Мы хорошо привыкли видеть прелесть и хрупкость в детях и соответственно приходить им на помощь и утешать. Рядом с ними мы знаем, как отрешиться от худшего в нас: принуждения, мстительности и ярости. Мы способны отказаться от своих ожиданий и требовать немного меньше, чем обычно: мы медленнее впадаем в гнев и чуть больше осведомлены о неосуществленных возможностях. Мы с готовностью обращаемся с детьми с той мерой доброты, какую до странности не желаем выказывать нашим сверстникам.

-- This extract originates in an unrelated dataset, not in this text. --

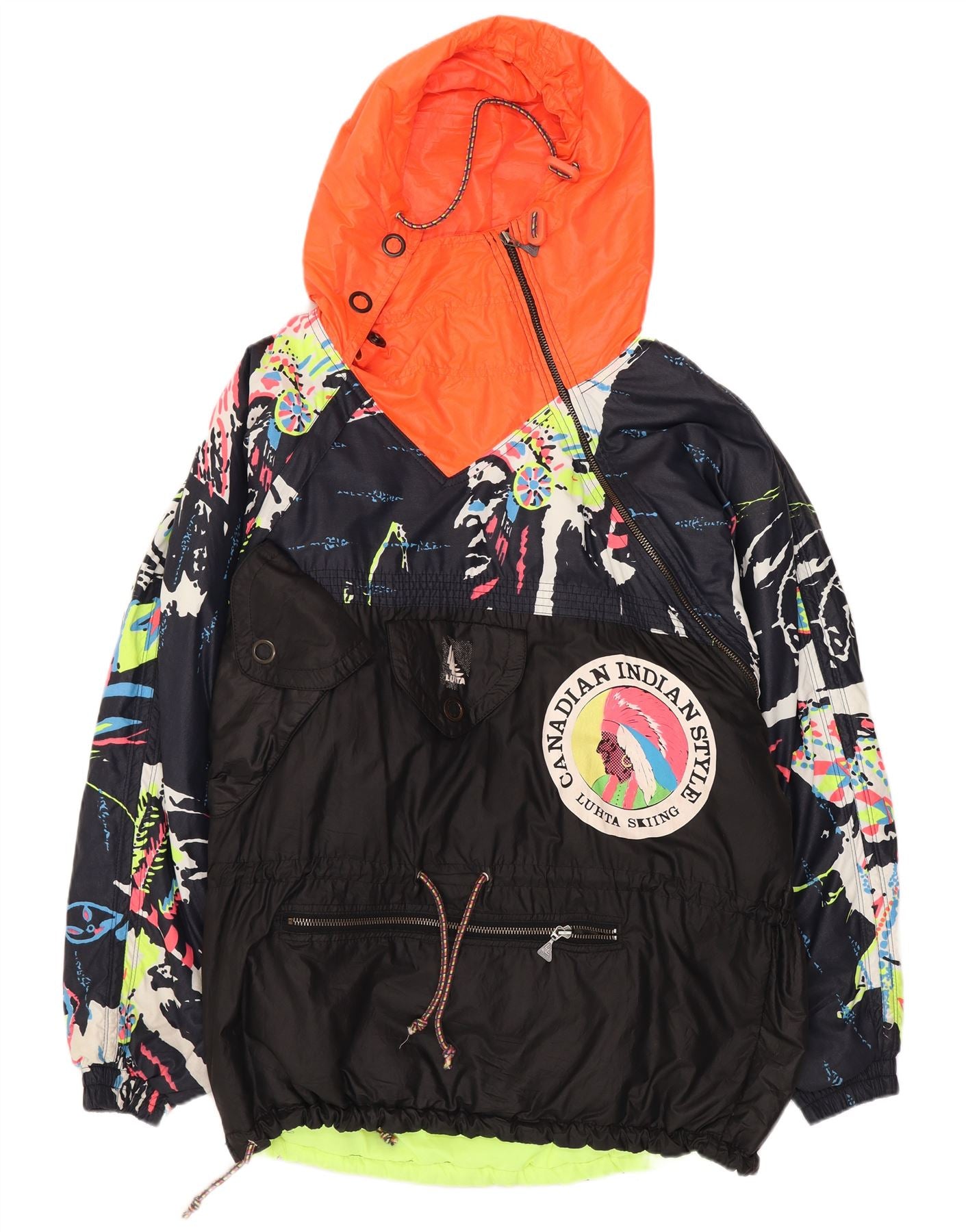 - AI Description: This Luhta mens anorak jacket is crafted from 100 percent polyamide microfibre, offering a lightweight feel. It features a vibrant multicoloured geometric pattern with a striking orange hood and high neck. The pullover design includes long sleeves and an adjustable waist for a regular fit. Practical pockets and a distinctive logo accent complete this 90s inspired piece.
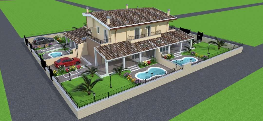 Pomezia edificate nell'elegante contesto residenziale di Parco della Minerva, a due passi dal centro di Pomezia e poco distante dalla località di mare Torvaianica, proponiamo in vendita un nuovo cantiere dove sono disponibili quattro VILLE QUAFRIFAMILIARI il cui elevato comfort abitativo ne costituiscono la loro unicità. Le ville si sviluppano su tre livelli e sono circondante da un ampio giardino con entrata indipendente e posti auto interni, se richiesto e quotate separatamente possono essere realizzate delle piscina private. Composizione tipo: PT: salone con angolo cottura, camera matrimoniale, bagno e grande e vivibile portico; P1°: due camere letto, bagno e due balconi; PS: ampio locale con servizi e intercapedine ispezionabile. Tutte le ville sono circondate da un giardino con posti auto interni. Se richiesto e quotato separatamente puo' essere realizzata una piscina privata e la rifinitura del giardino pronto effetto. Nel prezzo è incluso il costo dell'onorario del Notaio per il solo atto di acquisto (escluse imposte e tasse). Rifiniture di prima scelta: * Impianto Termoautonomo; * Portone blindato;* * Infissi in PVC taglio termico; * Pompe di calore caldo/freddo e deumidificatore; * Videocitofono; * Impianto fotovoltaico 4 KW; * Pannelli solari per acqua calda. Consegna prevista fine 2023 Prenotazioni Euro 369.000,00 + IVA Interessanti agevolazioni per classe energetica "A+" CLASSE ENERGETICA: A+

Чудесно жить в мире, где так много людей проявляют заботу о детях. Было бы еще лучше, если бы мы жили в мире, где проявляют чуть больше внимания к детям, страдающим внутри нас.

Пределы любви

Первая заповедь Рабиха с Кирстен в отношении к Эстер и Уильяму (и она стоит бесконечно выше любой другой) – это быть добрыми, поскольку повсюду они видят примеры, что происходит, когда выросшим детям недоставало любви: срывы и огорчения, позор и пагубные страсти, хронические провалы уверенности в себе и неспособность создать крепкие отношения. По мнению Рабиха и Кирстен, когда родители отдалены или деспотичны, ненадежны и отпугивают, дети не смогут воспринимать жизнь во всей полноте. Никому не дано стать до того сильным, чтобы потягаться с жизнью, считают они, если он ни разу не был обласкан беспредельным и непомерным пониманием взрослых. Как раз поэтому они и стремятся отвечать на каждый вопрос с лаской и чувствительностью, делать дни запоминающимися, читать вечерами длинные истории, вставать с рассветом поиграть, вести себя спокойно, когда дети делают ошибки, прощать им озорство, позволять оставлять свои игрушки на ночь разбросанными по ковру гостиной. Их вера в силу родительской доброты достигает пика в самые первые годы жизни Эстер и Уильяма, особенно тогда, когда те наконец-то засыпали в своих кроватках, беззащитные перед всем миром, когда их дыхание становилось легким и ровным, а их точеные пальчики сжимались, прихватывая любимые одеяла. Однако ко времени, когда каждому исполнялось пять лет, видится уже более сложная и беспокойная действительность: Рабих с Кирстен, к своему удивлению, ставят под сомнение пределы доброты. Однажды в дождливые февральские выходные Рабих покупает Уильяму оранжевый вертолет с дистанционным управлением. Отец с сыном отыскали его в Интернете несколькими неделями раньше и с тех пор только и говорили об этой игрушке. Итак Рабих накопил денег, хотя и не было надвигающегося дня рождения или достойных подарка отметок в школе. Все равно игрушка наверняка доставит им много часов удовольствия. Однако всего через шесть минут после запуска, когда под командой Рабиха вертолет парит над обеденным столом, с рулевым управлением что-то случается, игрушка врезается в холодильник, а задний винт разлетается на куски. Вина определенно лежит на производителях игрушки, но, как ни печально, их на кухне нет, так что сразу же (и не в первый раз) объектом жгучей досады ребенка стал Рабих.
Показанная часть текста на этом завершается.